Japanese double act from Osaka also known as "Yoiko"

Yoiko (よゐこ, Yowiko) (Note: "Yowiko" is pronounced "Yoiko" as "wi" (ゐ) is nearly-obsolete kana that merged into the "i" (い) sound in contemporary Japanese.) is a Japanese comic duo from Konohana-ku, Osaka that is employed by the comedy talent agency Shochiku Geino.

Yoiko are known otakus, even appearing on the variety show LINCOLN cosplaying as Char Aznable and Amuro Ray of the Gundam anime series and taking Downtown to Akihabara.

== Members ==
- Shinya Arino (有野 晋哉, Arino Shin'ya) plays the boke. Enjoys anime and video games. Best known for GameCenter CX.
- Masaru Hamaguchi (濱口 優, Hamaguchi Masaru) plays the tsukkomi. Enjoys online games.

The duo (kombi) was originally formed under the pretense of Shinya Arino as the boke (stooge) and Masaru Hamaguchi as the tsukkomi (straightman), but as time went on and Hamaguchi's "natural stupidness" started to shine through, the duo became known as "the duo with no real distinction between the boke and the tsukkomi".

== History ==
Though Arino and Hamaguchi attended different schools in their junior high years, they met and became friends through the same juku. They then went to the same senior high school, and upon graduation, Arino became a cook at a hotel. He decided to join Hamaguchi to form a comedy duo when Hamaguchi told him, "If you enter the entertainment world, you'll have a chance at marrying Noriko Sakai." They went with Shōchiku instead of the more famed Yoshimoto because they believed the competition in Yoshimoto was too great and thought they had a better chance at success in Shōchiku.

Their combo name at first was Arino & Hamaguchi, then Namekuji, before settling with Yowiko.
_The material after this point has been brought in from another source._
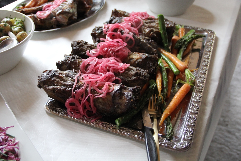 Hesin hugvekjandi tanki, at mana tey fornisku upp úr jørðini, rewoking the trolls, stóð heilt greiður í luftini, tá Gutti og hansara handgingu menn, gróvu niður í grúgvheitu jørðina, at leggja sundurlimaðu lambskrovini niður í døkku moldina, við smakkgevandi tara og urtum omaná, innan seinasta flag varð lagt omaná, so fyrsti liður í shamanistisku matgerðini kundi byrja niðri á bakkanum undir Uppistovugarði hjá Jastrid og Símuni Gullaksen.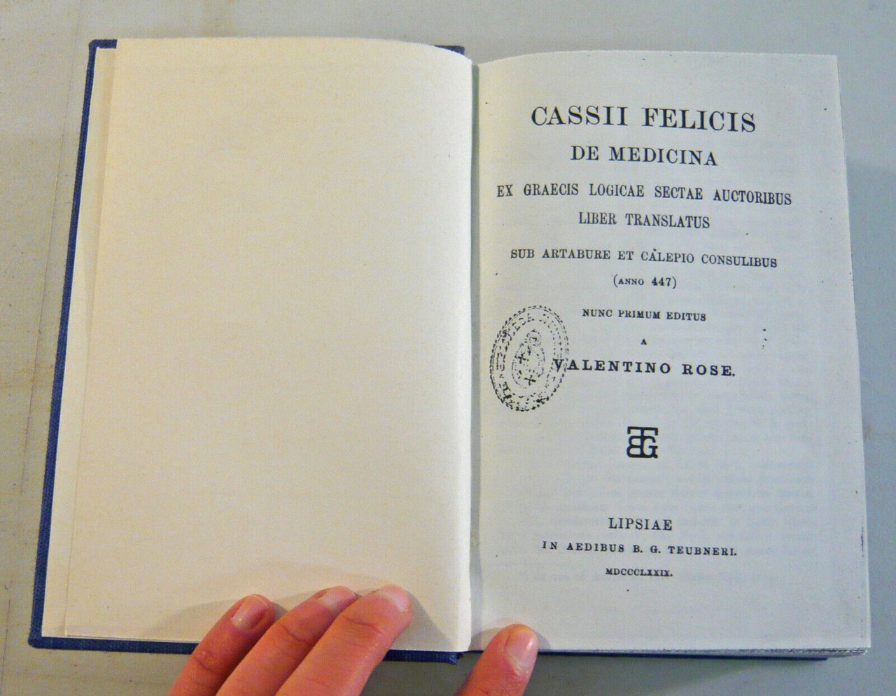 Cassio Felice,CASSII FELICIS DE MEDICINA.1879 Teubner[anastatica,storia,latino

The name of the duo incorporates the hiragana "wi" character (ゐ) which has long been phased out of everyday use. While the character historically had a different pronunciation from the common "i" character (い), in modern use and for the many years leading up until it was phased out it was generally accepted that they were pronounced the same. Hence, while a kana transliteration of the combi name would be "Yowiko", a phonetic transliteration would be written "Yoiko". This has been reflected on the official webpage of this owarai.